Вадим Петрович Лебешинский, напротив, имел любящего отца. Вадим родился и вырос в театре, потому что был из артистической семьи. Его отец и дед долгие годы служили дирижёрами в академических театрах. Вадим обожал сцену, сходил с ума от радости, каждый день приходя на работу. И всё было бы неплохо, если бы его жизнь не была отягощена одним неприятным обстоятельством. Вадим был приверженцем любви небесного цвета, отчего жизнь его была давно и изрядно подпорчена.
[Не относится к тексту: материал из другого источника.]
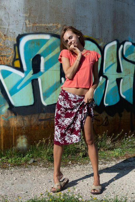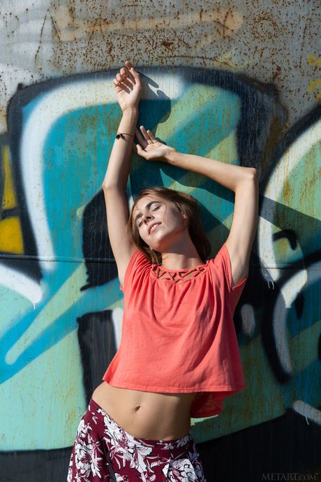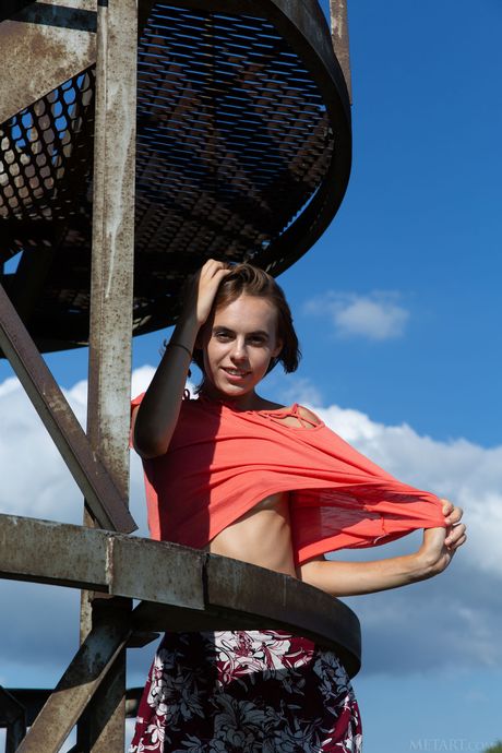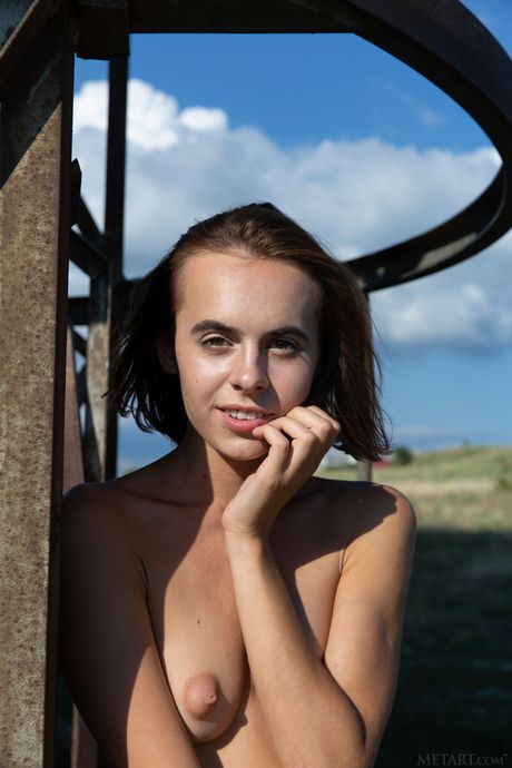 Pretty teen Gracie shows her big tits and poses naked in a secluded spot
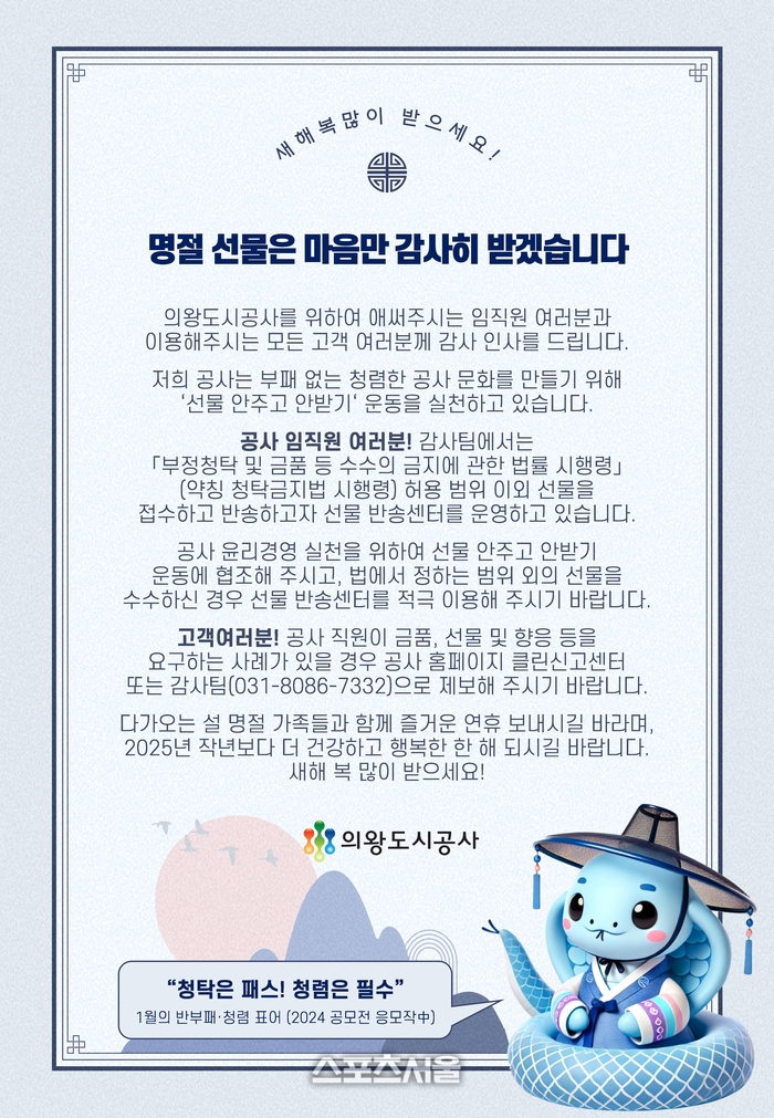 〔스포츠서울│의왕=좌승훈기자〕의왕도시공사는 설 명절을 맞아 다음 달 9일까지 ‘선물 안주고 안받기 운동’을 진행 한다고 16일 밝혔다.

Однако все унижения, с которыми ему пришлось столкнуться, он переносил с мученической покорностью, на судьбу не роптал и внешне выглядел вполне спокойным, если не сказать уверенным в себе, однако внутри очень и очень переживал. Переживал, видя слишком часто на лицах людей какую-то неприязненную насмешливость, брезгливость, а то и отвращение. Люди вели себя странно по отношению к Вадиму, словно, постояв рядом с ним несколько минут, они имели шанс заразиться от него этой самой небесной любовью. И лишь в театре к нему все относились с искренним дружелюбием, в редких случаях с добродушным состраданием, приписывая все жизненные недоразумения Вадима Петровича прихотям его заблудшего рассудка, но уже без всякого осуждения и ужаса. В театре никто особенно не придавал значения его альковным предпочтениям, всем было не до этого. Только здесь он чувствовал себя защищённым, только здесь он был в безопасности, мог смеяться, шутить, только в этих старых стенах он имел возможность радоваться жизни. Сцена и закулисье были у него в крови, потому что здесь он был невиновен, а вот для реальной жизни Вадим Петрович создан не был, ибо там он чувствовал свою вину. Он был настоящим мечтателем, а театр — то самое место, где такому странному созданию и полагается находиться.